El sacerdote Ah Okom Olal y el cacique Ah Okol Cheen entraron en ese momento a la choza y, al escuchar las últimas palabras del médico, rompieron a llorar.
Pavo Plateado, sentado en un rincón, todavía con las manos rojas de la sangre del héroe, reflexionaba sobre lo que había leído en el Códice de Mayapán unas horas antes y volvía a asombrarse de la certidumbre de las premoniciones de Tigre de la Luna.

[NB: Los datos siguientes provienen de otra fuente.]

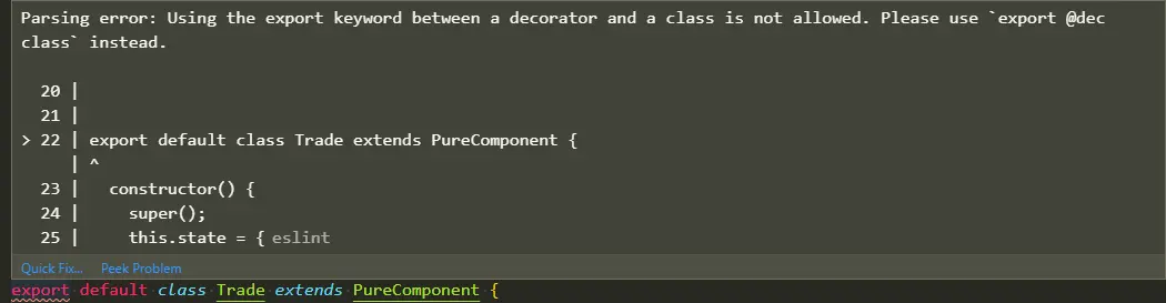 // 修改方案 @Form.create() // 这个就是那个装饰器 class Trade extends PureComponent { ... } export default Trade -

–¿Será ahora nuestro Hunac Kel el dios que soñó ser? –decía, mientras se enjugaba las lágrimas el pequeño cacique–. Tiene que estar en lo alto del cielo ¿no es cierto? ¿Qué estrella le tocará?
–No lo sabemos todavía –respondía, cabizbajo el Señor Triste.

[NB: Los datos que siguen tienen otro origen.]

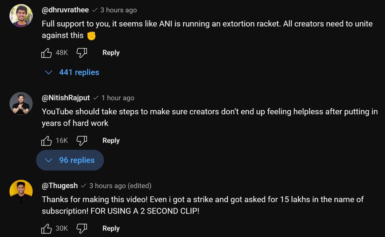 Another major voice, Dhruv Rathee, weighed in with even stronger language: “Full support to you. It seems like ANI is running an extortion racket. All creators need to unite against this.”

–Ahora, lo más urgente es disponer los ritos funerarios –sugirió Puma Rojo–. ¿Qué haremos, Ah Okom Olal? Creo que es nuestro deber sepultarlo con todos los honores de su jerarquía real.
–Nada de eso –dijo el sacerdote–. Celebraremos una ceremonia modesta, sin mucha alharaca.
Puma Rojo manifestó su desacuerdo al Señor Triste
–¿Cómo puedes decir tal cosa, Ah Okom Olal? Hunac Kel es el rey de Chichén Itzá y sus exequias no pueden ser sino solemnes y memorables, como él hubiera deseado. Una ceremonia deslucida como tú pretendes lo habría enfurecido. Además, no va con su condición de héroe y ya probablemente dios o semidiós; sólo desestimarías su memoria.
–Escucha, Capitán: no ha sido mi intención menospreciar la memoria de un héroe de los tamaños de Hunac Kel, pero por ahora no es conveniente celebrar en grande sus exequias. De hacerlo, correríamos el riesgo de que sus enemigos se informaran de su muerte y asaltaran Chichén Itzá. Y nos acabarían, Capitán –concluyó con un hondo suspiro–. Nos acabarían porque los asesinos de Hunac Kel, los siete capitanes aztecas liderados por Sinteyut Chan, eran quienes, y me avergüenza admitirlo, defendían a Chichén Itzá.
Puma Rojo reconoció esa verdad y terminó por aceptar, desconsolado, la propuesta del gran sacerdote:
–Que se haga como tú dices –le expresó al religioso–. Chichén Itzá todavía no cuenta con un ejército lo suficientemente grande para enfrentar a todos sus enemigos. Sin embargo, estoy seguro de que pasados unos años estaremos en condiciones de defendernos de los intrusos. Será entonces el tiempo de rescatar y glorificar la memoria de Hunac Kel.